TASK TO COMPLETE
Exclude the pictures, then copy word for word the lines running from the beginning of the records through the line with "Разные таблетки на голубом фоне".

Dataset records:
================================
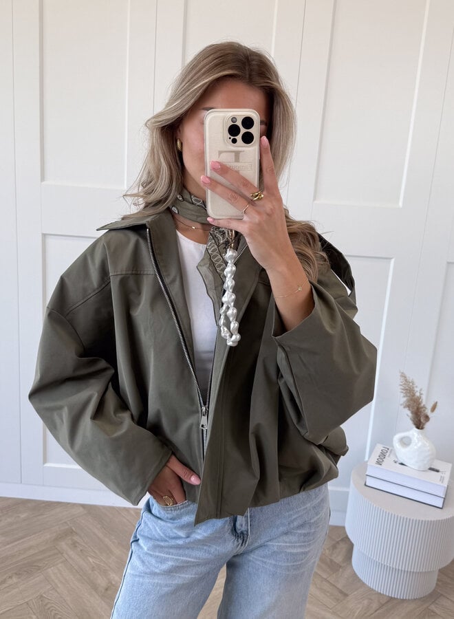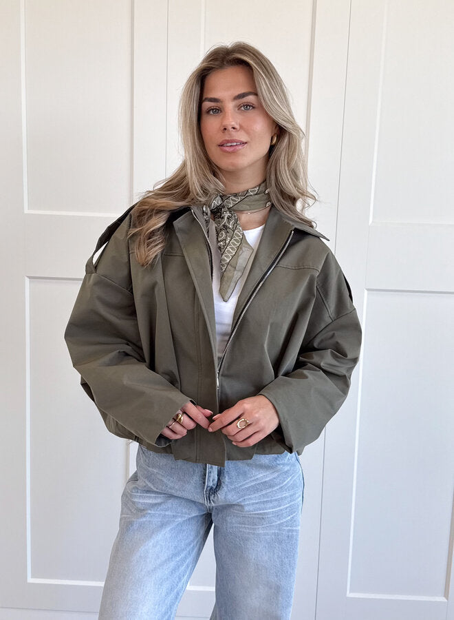 An oversized khaki zip jacket with a boxy silhouette and laid-back vibe – perfect for effortless everyday layering. Model is wearing size M - UK10.
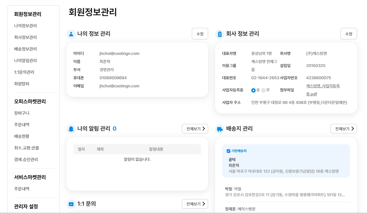 1️⃣ 회원정보 관리 : 내 정보, 회사 정보, 배송 정보 등 정보 확인 및 수정
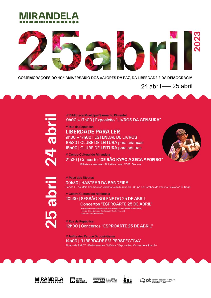 No âmbito do 49.º aniversário do dia em que os valores da paz, da liberdade e da democracia marcaram o rumo de Portugal, a Câmara Municipal de Mirandela, em parceria com várias entidades do concelho, assinala as comemorações do 25 de Abril de 2023 com concertos, sessões solenes e diversos momentos culturais.
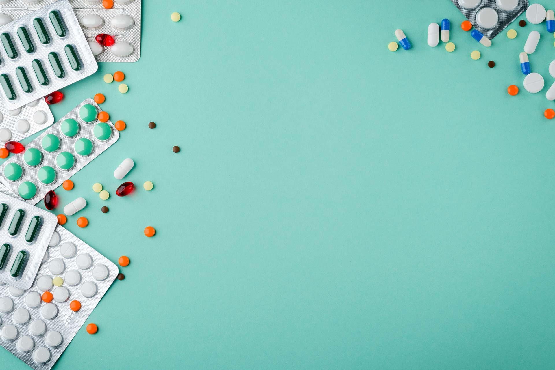 Разные таблетки на голубом фоне
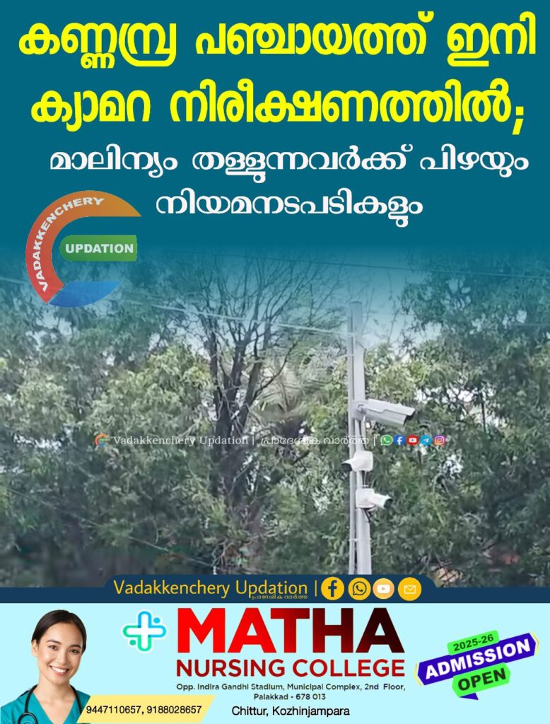 കണ്ണമ്പ്ര ഗ്രാമപഞ്ചായത്തിനെ സമ്പൂർണ്ണ മാലിന്യമുക്തമാക്കുന്നതിന്റെ ഭാഗമായാണ് ഈ നടപടി. പഞ്ചായത്തിന്റെ പ്രധാന സ്ഥലങ്ങളിലും മാലിന്യം തള്ളാൻ സാധ്യതയുള്ള മേഖലകളിലുമാണ് ക്യാമറകൾ സ്ഥാപിച്ചിരിക്കുന്നത്. ഇതിനോടകം തന്നെ നിരീക്ഷണ ക്യാമറകൾ വഴി നിയമലംഘനം നടത്തിയ നിരവധി പേരെ കണ്ടെത്തുകയും പിഴ ചുമത്തുകയും ചെയ്തിട്ടുണ്ട്. മാലിന്യം തള്ളുന്ന പ്രവണത പൂർണ്ണമായി ഇല്ലാതാക്കുക എന്നതാണ് പഞ്ചായത്ത് ലക്ഷ്യമിടുന്നത്. മാലിന്യങ്ങൾ ശരിയായ രീതിയിൽ തരംതിരിച്ച് സംസ്കരിക്കാൻ എല്ലാവരും ശ്രദ്ധിക്കണമെന്നും സെക്രട്ടറി അറിയിച്ചു.
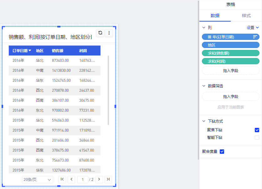 - 表格控件下画出的表格,在度量字段的下拉列表设置。
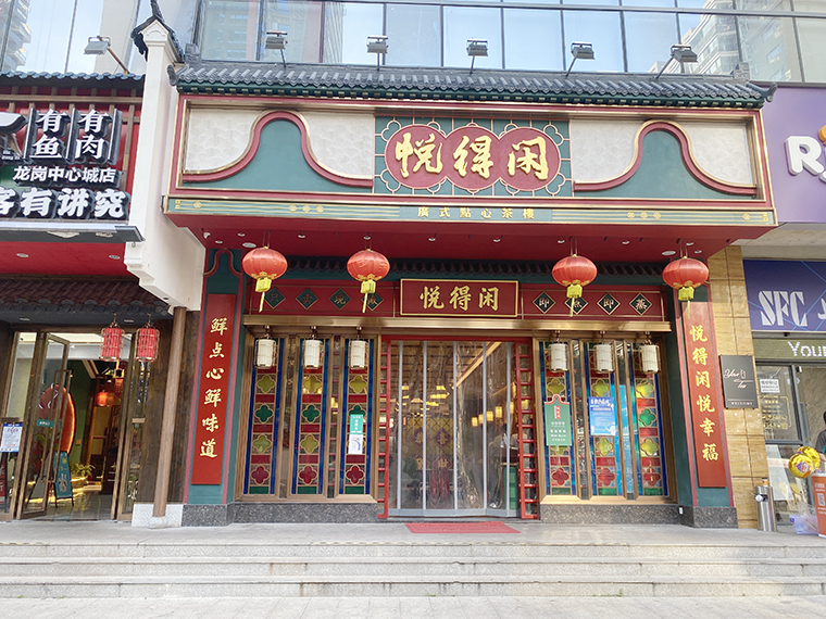 悅得閑-廣式點心茶樓,品深在策劃時將其定位為一家經典時尚的廣式點心茶樓。門頭色彩搭配、對聯、玻璃窗花都用了廣式元素,并大膽使用紅綠兩色撞色搭配,形成品牌記憶點。
================================
RESULT OF THE TASK
 An oversized khaki zip jacket with a boxy silhouette and laid-back vibe – perfect for effortless everyday layering. Model is wearing size M - UK10.
 1️⃣ 회원정보 관리 : 내 정보, 회사 정보, 배송 정보 등 정보 확인 및 수정
 No âmbito do 49.º aniversário do dia em que os valores da paz, da liberdade e da democracia marcaram o rumo de Portugal, a Câmara Municipal de Mirandela, em parceria com várias entidades do concelho, assinala as comemorações do 25 de Abril de 2023 com concertos, sessões solenes e diversos momentos culturais.
 Разные таблетки на голубом фоне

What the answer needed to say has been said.